▸ **What is required**: Output the entries exactly. Start at the first line, finish with the line containing "이로써, 복지로를 통해", and omit the pictures.

▸ **Dataset records**:

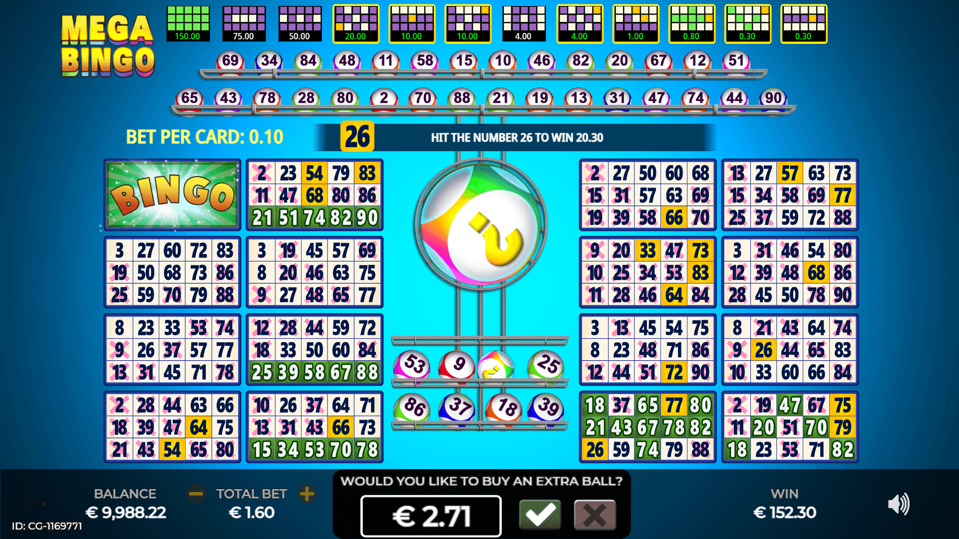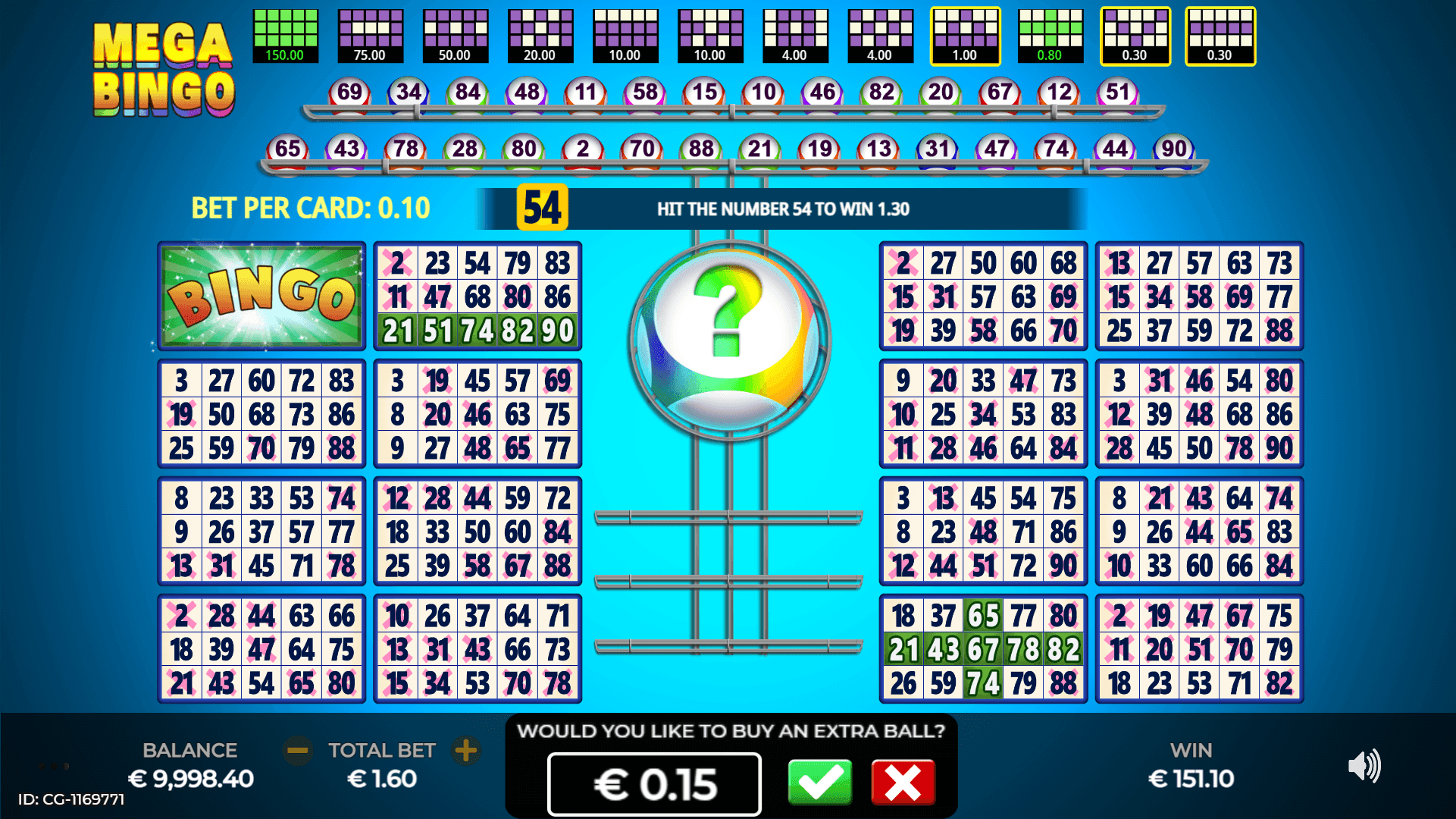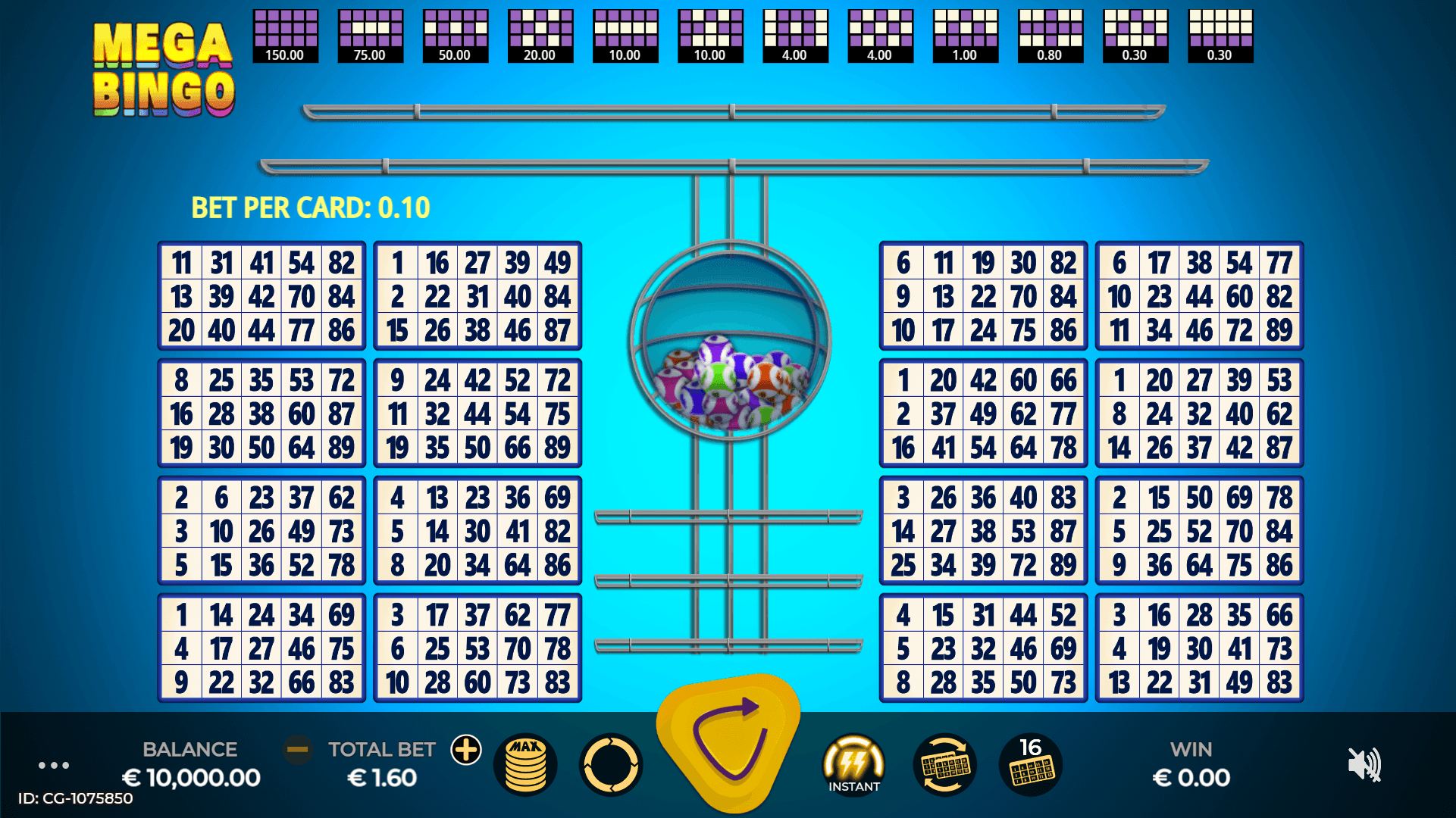 This exciting game allows you to step back into the world of bingo halls and experience all the nostalgia right in your hands. With the ability to play up to 16 cards at once, you'll be able to keep track of all the drawn numbers and increase your chances of winning big with the opportunity to win up to 1,500 times your card bet amount. In Mega Bingo, fortune is on your side!
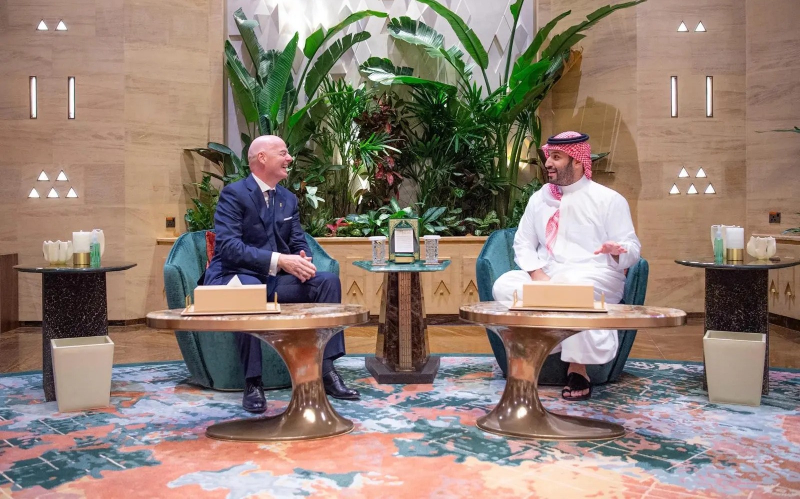 التقى ولي العهد، رئيس مجلس الوزراء السعودي، صاب السمو الملكي الأمير محمد بن سلمان بن عبدالعزيز آل سعود، في قصر اليمامة في الرياض، رئيس الاتحاد الدولي لكرة القدم (فيفا)، جياني إنفانتينو.
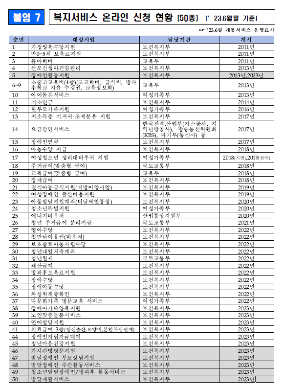 이로써, 복지로를 통해 온라인 신청이 가능한 사업은 45종에서 50종으로 확대되었습니다.
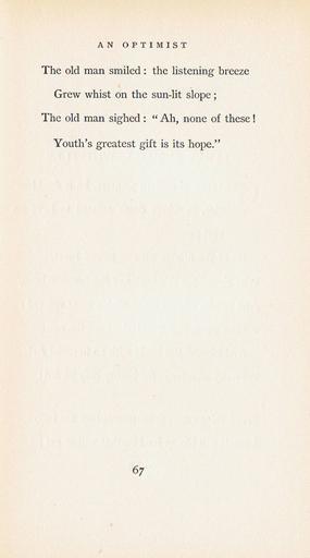| Keywords: Florence Earle Coates Mine and Thine 1904 067.jpg Florence Earle Coates Mine and Thine 1904 066 jpg Florence Earle Coates Mine and Thine 1904 068 jpg An Optimist; p 67 of Mine and Thine 1904 by Philadelphia poet Florence Earle Coates 1850-1927 First line O aged man pray if you know A scan of p 67 Florence Earle Coates 1904 None/copyright expired PD-old Florence Earle Coates Mine and Thine 1904 | ||||
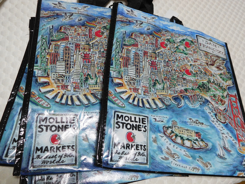 今朝はゆっくりめに起きた。サン・マテオでお祭りやってるそうなので行くという話も出てたけど、空港のレンタカーに1時までにいかないとなので、お土産調達がてら、サンマテオの中心地にある高級スーパーや文房具やさんにつれて行ってもらった。まずはモリー・ストーンズ。ここのエコバッグがサンフランシスコ柄で結構可愛い! |
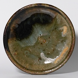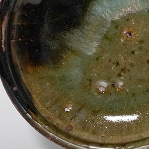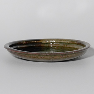 土灰釉と黒釉が溶け合う趣のある石皿です。
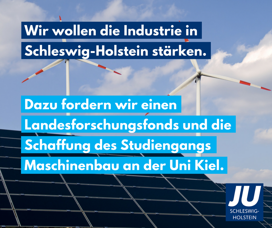 Auf dem Schleswig-Holstein-Rat in Lübeck, an dem über 80 Delegierte und Gäste teilgenommen haben, hat die Junge Union Schleswig-Holstein ein Positionspapier zur Industriepolitik beschlossen. Der Veranstaltung war die JU-Summer School vorangegangen, auf der in mehreren Workshops mit verschiedenen Referenten von der Industrie- und Handelskammer, aus der Politik und aus Unternehmen das Positionspapier erarbeitet worden ist. Dazu erklärt der Landesvorsitzende der Jungen Union Schleswig-Holstein Tobias Loose:
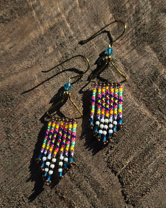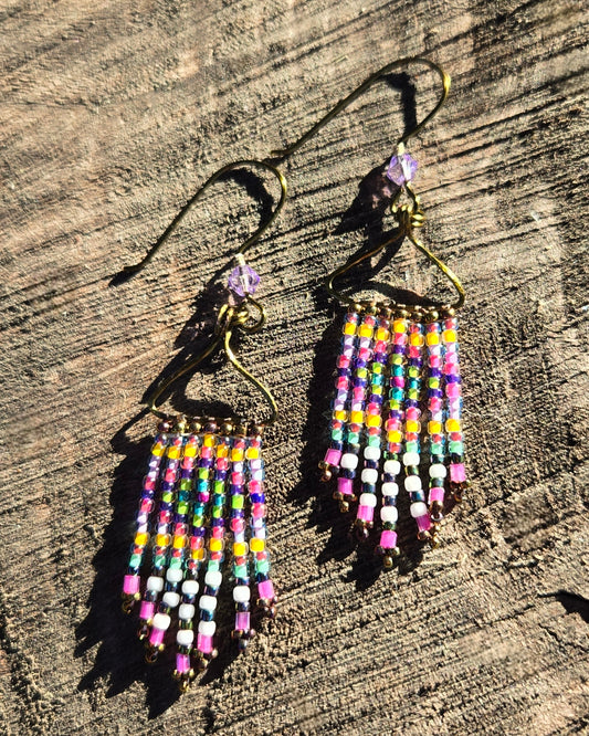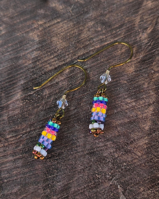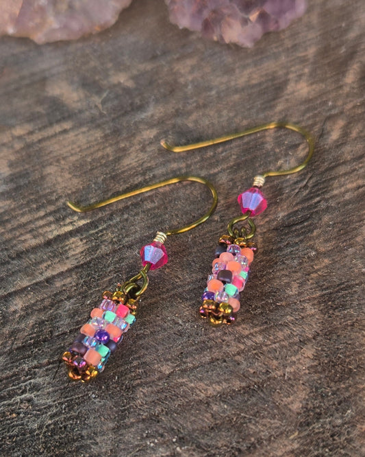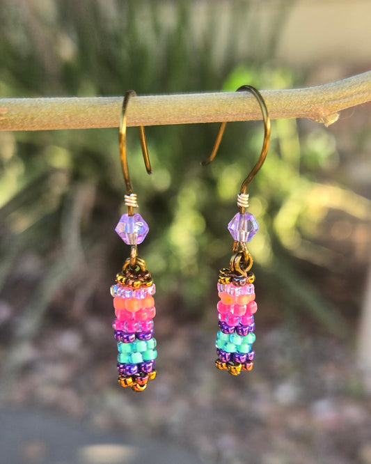 Bronze Beaded Sunset Rainbow Mix Peyote Stitch Earrings
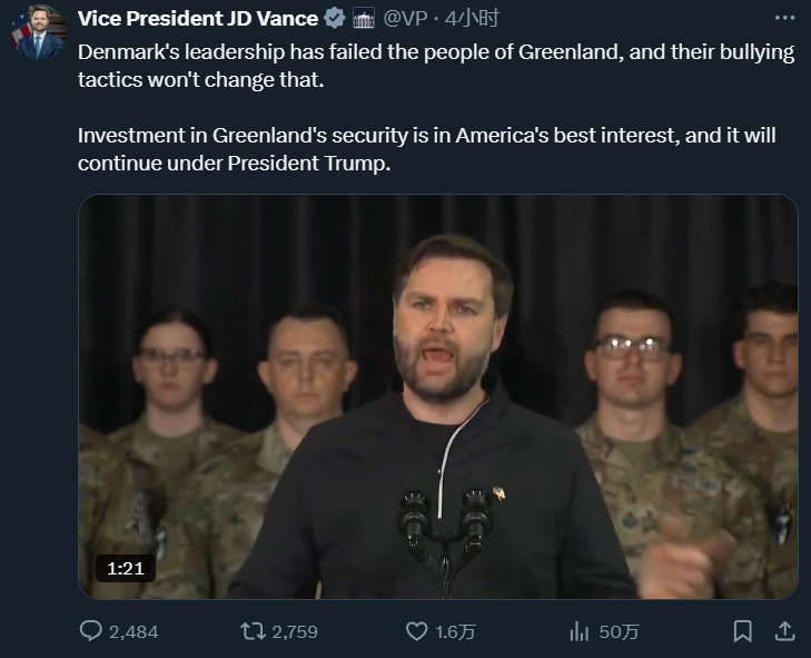 “總統説‘我們必須擁有格陵蘭島’,我認為我們必須更加認真地對待格陵蘭島的安全問題。”萬斯在美軍基地表示,“我們不能忽視這個地方。我們不能忽視總統的願望。”
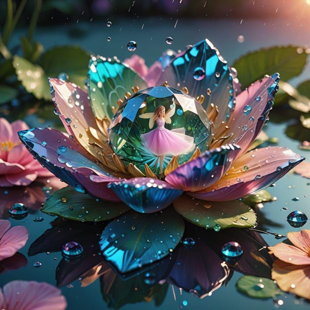 Generate your own magical enchanted gem images, tiny like teardrops, suspended in flower petals at dawn. It's free and easy!
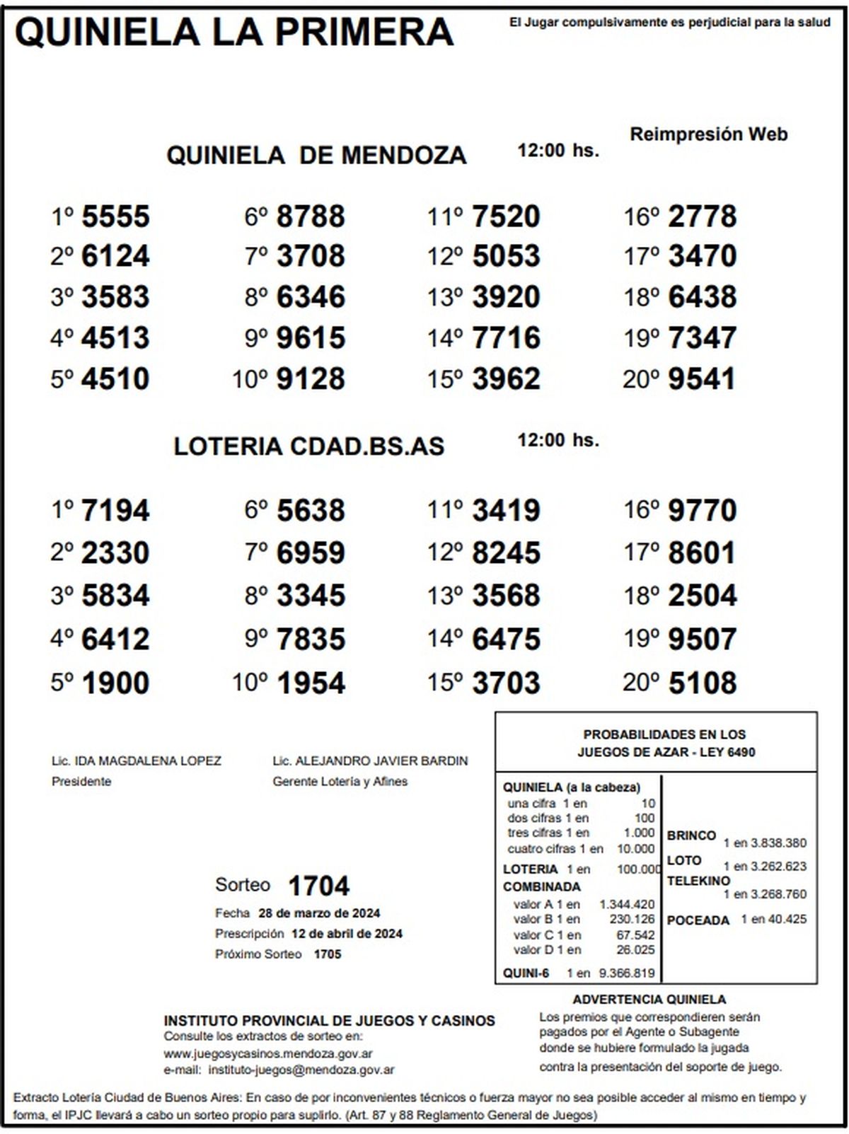 Resultados Quiniela de Mendoza: La Primera del 28 de marzo 2024
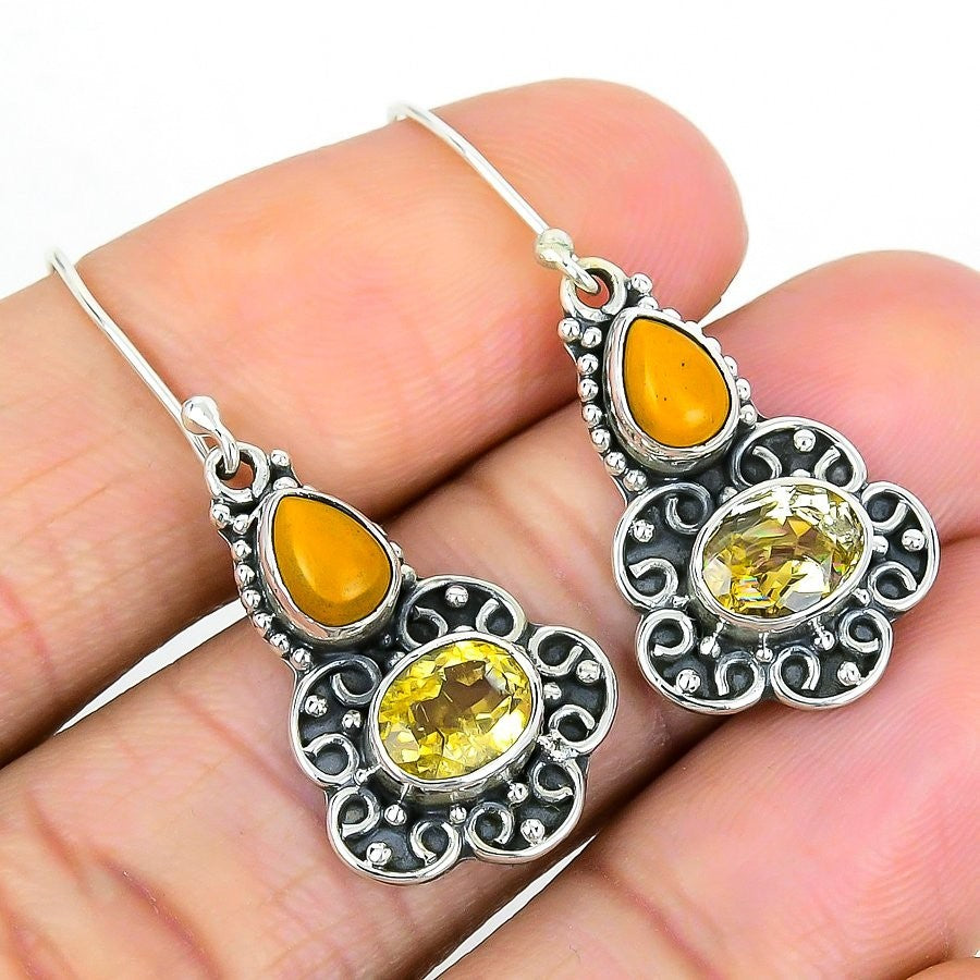 Citrine Stone Solid Sterling Silver November Drop Dangle Handcrafted Earrings
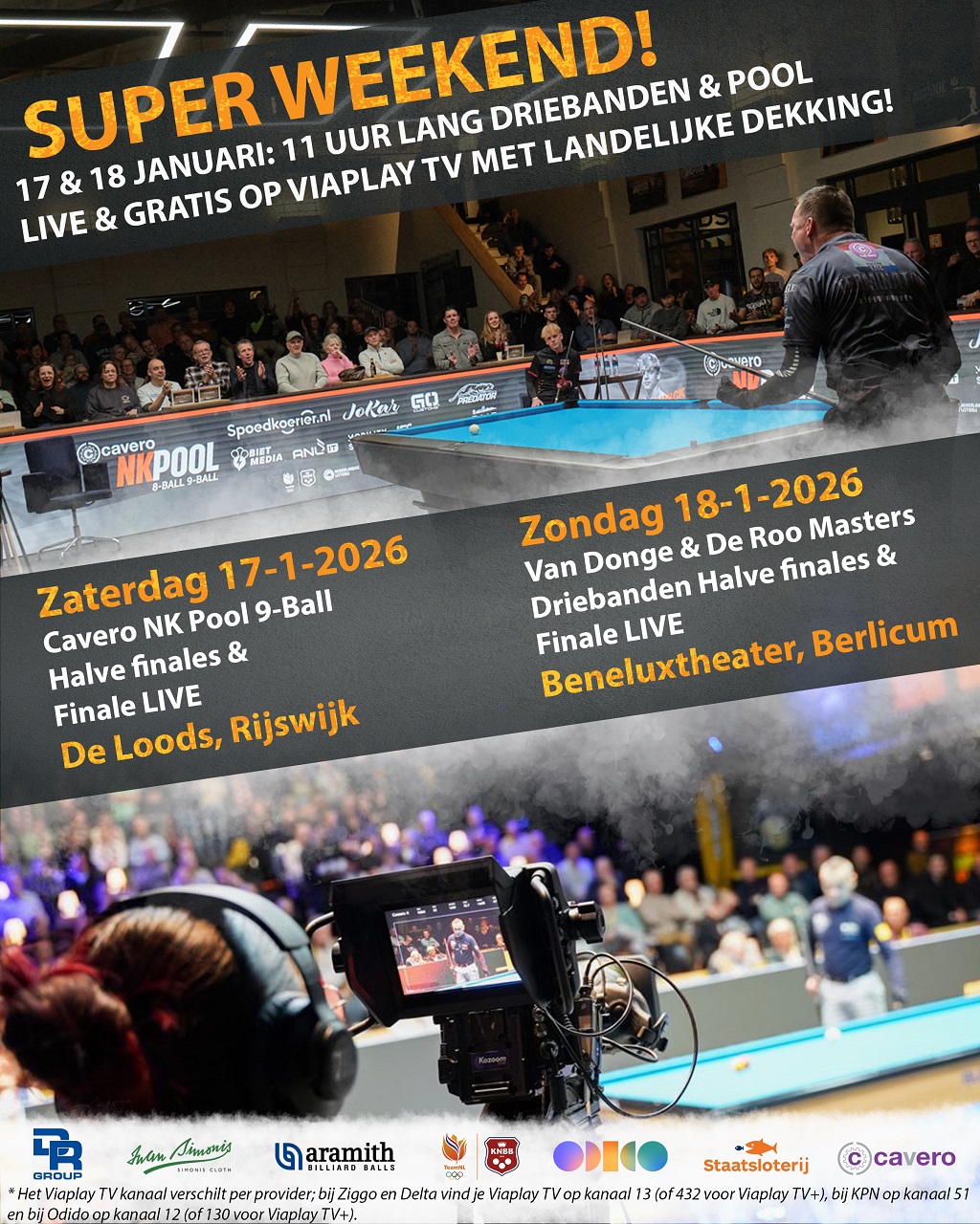 “Sinds enige tijd werken wij zeer plezierig samen met Viaplay, en het weekend van 17 en 18 januari 2026 is het voorlopige hoogtepunt van deze samenwerking. Ditmaal zijn niet alleen de finales van het Cavero NK Pool en de Van Donge & De Roo NK Masters Driebanden live te zien op het open net van Viaplay TV, maar ook de halve finales van beide events. Kortom, de volledige slotdag van het jaarlijkse hoogtepunt van het pool en dan het driebanden, alles in één weekend, live te zien dus voor iedereen in Nederland. Met recht een superweekend – een unicum voor het Nederlandse biljart en pool.”

▸ **Response**:
 This exciting game allows you to step back into the world of bingo halls and experience all the nostalgia right in your hands. With the ability to play up to 16 cards at once, you'll be able to keep track of all the drawn numbers and increase your chances of winning big with the opportunity to win up to 1,500 times your card bet amount. In Mega Bingo, fortune is on your side!
 التقى ولي العهد، رئيس مجلس الوزراء السعودي، صاب السمو الملكي الأمير محمد بن سلمان بن عبدالعزيز آل سعود، في قصر اليمامة في الرياض، رئيس الاتحاد الدولي لكرة القدم (فيفا)، جياني إنفانتينو.
 이로써, 복지로를 통해 온라인 신청이 가능한 사업은 45종에서 50종으로 확대되었습니다.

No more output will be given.